The SKILL.md follows the open [agentskills.io](https://agentskills.io) standard, so the same file works in Claude Code and Kiro.

**Stable JSON schema.** Downstream consumers can validate `recon <domain> --json` output against [`docs/recon-schema.json`](docs/recon-schema.json) ([raw URL](https://raw.githubusercontent.com/blisspixel/recon/main/docs/recon-schema.json)). The schema is the v1.0 stability contract documented in [`docs/schema.md`](docs/schema.md); drift between schema and emitter is caught by `tests/test_json_schema_file.py`.

## Limitations

- **Coverage depends on public DNS.** Organizations behind heavy proxies, with minimal DNS records, or that don't publish SaaS verification tokens will return sparse results. This is fundamental to passive-only collection. When sources transiently fail, the CLI tells you which one and why so you can retry or accept the partial answer.
- **Internal workloads are structurally invisible.** Server-side API consumption (an org running internal Google Cloud ML, internal AWS data pipelines, internal Snowflake warehouses without public verification tokens, and so on) leaves no trace in public DNS, CT logs, or unauthenticated identity-discovery endpoints. recon cannot tell you what runs internally; it can only tell you what the org publishes externally. The CLI panel calls this out explicitly: the "Cloud" line surfaces what is observable, and on sparse-but-multi-domain apexes a one-line "Passive-DNS ceiling" footer notes that internal workloads and SaaS without DNS verification do not appear in public DNS records (v1.9.9+). A "Multi-cloud" indicator (v1.9.9+) collapses sibling slugs (Route 53 + CloudFront = one AWS) when the public footprint touches more than one cloud vendor.
- **Heuristic, not ground truth.** The fingerprint database and signal rules are rule-based and solo-maintained. Confident-looking output can still be wrong. The credible interval is the load-bearing field, not the point estimate: by construction, sparse evidence on hardened targets produces a wide interval rather than a confident-looking point estimate, and the `sparse=true` flag in the JSON output is the operator-facing signal that the layer has hit the passive-observation ceiling. Every detection in the catalog carries a description and a vendor doc URL (v1.9.8+), so a finding can be re-verified against the vendor's own documentation before action.

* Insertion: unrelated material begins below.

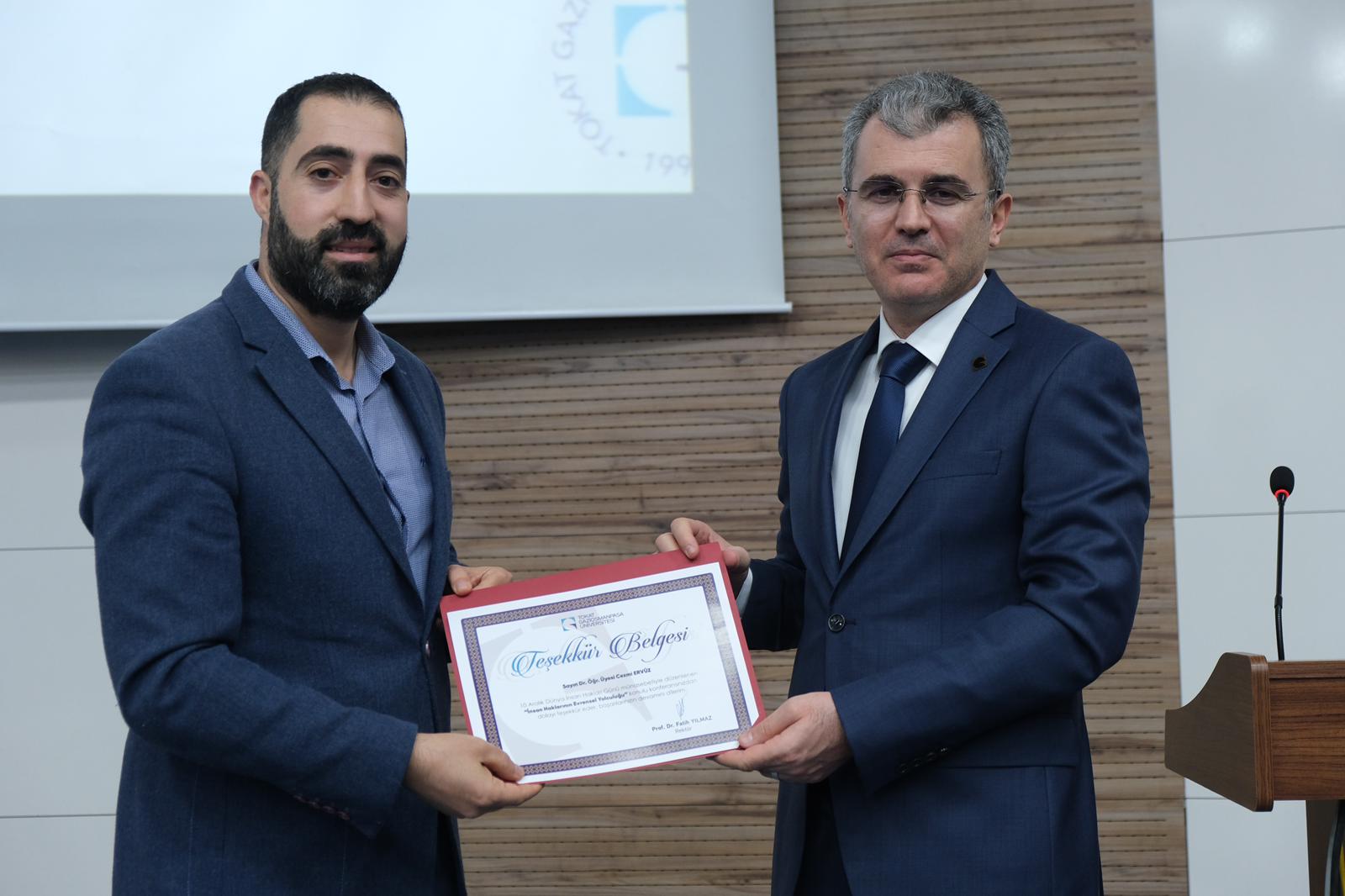 Etkinlik sonunda konuşmacı Dr. Cezmi Ervüz’e katkılarından dolayı teşekkür belgesi takdim edildi.

Treat results as indicators for investigation, not as definitive assessments. Don't make business decisions based solely on this output. See [docs/correlation.md](docs/correlation.md) for the calibration principles the interval satisfies and the failure-mode catalog across hardening postures.

## Development

```bash
uv sync                                # installs the dev group (pip: pip install -e . --group dev, pip 25.1+)
pytest tests/                          # full test suite
ruff check recon_tool/                 # lint
pyright recon_tool/                    # type check
pre-commit install                     # activate pre-commit hooks
```

## License

MIT — see [LICENSE](LICENSE) for details.

This tool queries only public DNS records and unauthenticated endpoints. See [docs/legal.md](docs/legal.md) for full disclaimer.